Hi Stephan,
the use cases you are describing sound like a perfect fit to Flink.
Internally, Flink deals with insertions and deletions that are flowing
through the system and can update chained aggregations and complex queries.
The only bigger limitation at the moment is that we only support sources
that emit insert-only rows. The community is currently working on
designing how we expose the internal changelog processing capabilities
through our APIs.
However, your use case might also work with insert-only rows and a query
based on the flags in the data, correct?
Regards,
Timo
On 04.02.20 16:14, Stephen Young wrote:
I am currently looking into how Flink can support a live data collection
platform. We want to collect certain data in real-time. This data will be sent
to Kafka and we want to use Flink to calculate statistics and derived events
from it.
An important thing we need to be able to handle is amendment or deletion
events. For example, we may get an event that someone has performed an action
and from this we'd calculate how many of these actions they had taken in total.
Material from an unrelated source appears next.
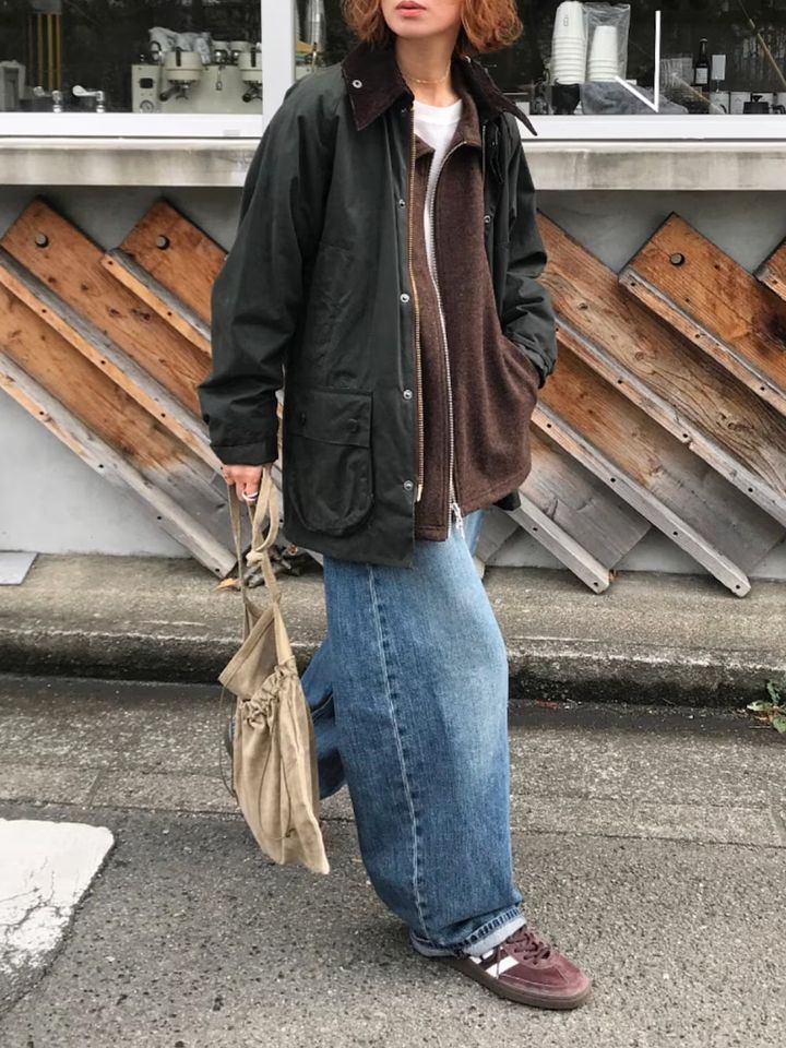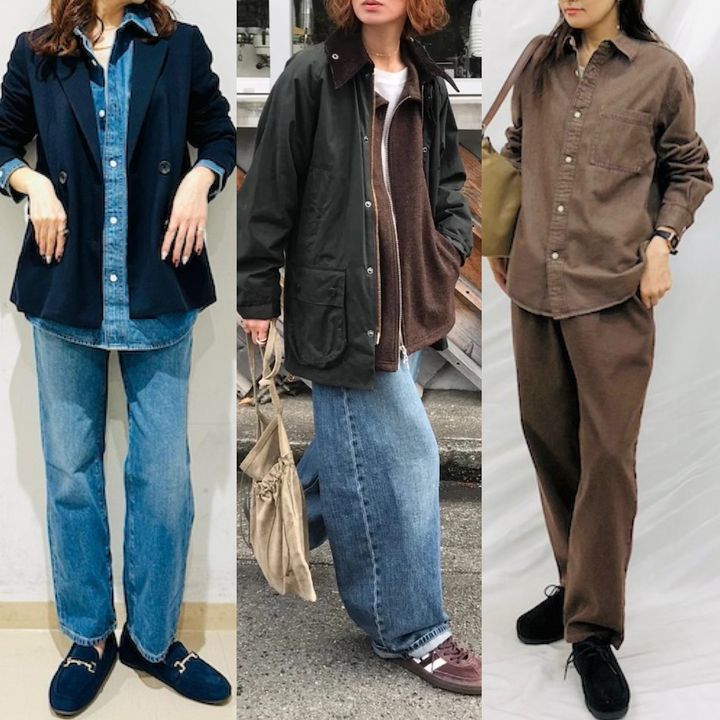 ブルーのデニムに、ブラウン系のアウターやスニーカーを合わせています。ブラウンとブルーは相性がよく、落ち着いた印象でおしゃれ見えする配色なので、大人のデニムコーデにおすすめです。
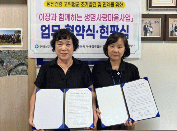 구례군은 2022년부터 자살 예방 마을 환경 조성을 위해 광의면 18개 마을 이장단과 협약을 맺어 “생명사랑마을”을 운영하고 있으며, 올해 구례읍 2개 마을 추가 협약으로 관내 155개 마을 중 20개 마을(13%)이 참여 중이다.

We'd also build calculations on top of that, for example top 10 rankings by
these counts, or arbitrarily many layers of calculations beyond that. But
sometime later (this could be a few seconds or a week) we receive an amendment
event to that action. This indicates that the action was taken by a different
person or from a different location. We then need Flink to recalculate all of
our downstream stats i.e. the counts need to be changed and rankings need to be
adjusted.
From my research into Flink I can see there is a page about Dynamic Tables and
also there was some stuff about retraction support for the Table/SQL API. But
it seems like this is simply how Flink models changes to aggregated data. I
would like to be able to do something like calculate a count from a set of
events each with their own id, then retract one of those events by its id and
have the count automatically change.
Is anything like this achievable with Flink? Thanks!